Murphy Brown, attempting to nurse her son for the first time:
"I have breasts for the first time and the only man in my life doesn't know what to do with them."
I have to wean Crazybaby. I know that the official recommendation for breast-feeding is now two years, but if I have to work part-time in September, I'd like to end my career as a milk-machine before then. Fifteen months is pretty good, isn't it?
I've made a few half-hearted attempts to cut out the mid-day feeding, with no success. Thus far, Crazybaby has been very reluctant to take a bottle; translation: she screams and knocks it out of my hand.
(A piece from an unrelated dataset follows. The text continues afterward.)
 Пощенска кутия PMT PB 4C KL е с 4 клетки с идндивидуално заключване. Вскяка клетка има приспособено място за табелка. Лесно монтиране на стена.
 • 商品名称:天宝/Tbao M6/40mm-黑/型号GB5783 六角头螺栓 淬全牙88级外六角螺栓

On the other hand, she likes her water bottle and sippy cups, so I'm thinking that we'll skip the bottle altogether and transition straight from the breast to the sippy cup. Any advice? I need a plan.
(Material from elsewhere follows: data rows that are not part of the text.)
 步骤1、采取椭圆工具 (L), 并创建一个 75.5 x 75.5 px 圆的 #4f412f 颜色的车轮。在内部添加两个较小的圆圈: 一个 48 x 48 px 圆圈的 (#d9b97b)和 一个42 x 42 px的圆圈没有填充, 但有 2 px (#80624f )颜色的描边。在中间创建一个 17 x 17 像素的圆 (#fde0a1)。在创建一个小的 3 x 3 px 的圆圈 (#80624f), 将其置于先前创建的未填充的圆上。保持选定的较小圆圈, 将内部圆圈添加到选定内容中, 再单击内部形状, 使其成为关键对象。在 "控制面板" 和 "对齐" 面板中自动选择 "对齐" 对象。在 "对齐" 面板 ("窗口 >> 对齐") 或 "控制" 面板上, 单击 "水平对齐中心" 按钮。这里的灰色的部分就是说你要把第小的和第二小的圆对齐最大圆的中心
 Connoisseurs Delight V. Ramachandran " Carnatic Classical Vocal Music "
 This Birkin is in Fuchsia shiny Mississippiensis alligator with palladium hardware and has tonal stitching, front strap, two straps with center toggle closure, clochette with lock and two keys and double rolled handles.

It's new territory for me to wean a baby who has no interest in giving up nursing, because Pip was just so darn cooperative. I cut out one feeding a week, and after a month we were done! No problemo. Aside from requiring a few cabbages to soothe my engorged breasts, it was a piece of cake. Crazybaby is a different story. She has a mind of her own and her mind really likes nursing.
To be honest, I like it too. I usually nurse Crazybaby upstairs in her cosy, golden bedroom. I have a comfy old green rocking chair up there and the two of us snuggle into it beautifully. She usually gives a little giggle of anticipation as I lift up my shirt, then she dives onto my breast. Her hand usually reaches up to touch me on the face or play with my necklace. Sometimes she brings my hand up to her chin to give her a little tickle and her eyes smile up at me. When my milk comes in her eyelids grow heavy, and by the time I put her on the second breast she is nearly asleep.
There is nothing like looking down into the face of your child as you are nursing. It is one of the most intimate, tender experiences I have ever had. I had my share of soreness at the beginning; clogged ducts and mastitis a few times, but that is all forgotten now that I'm nearing the end of my breast-feeding days.
Enough sentimentality. I've got to look on the bright side, right? No more breast pads, no more nursing bras, no more boobs.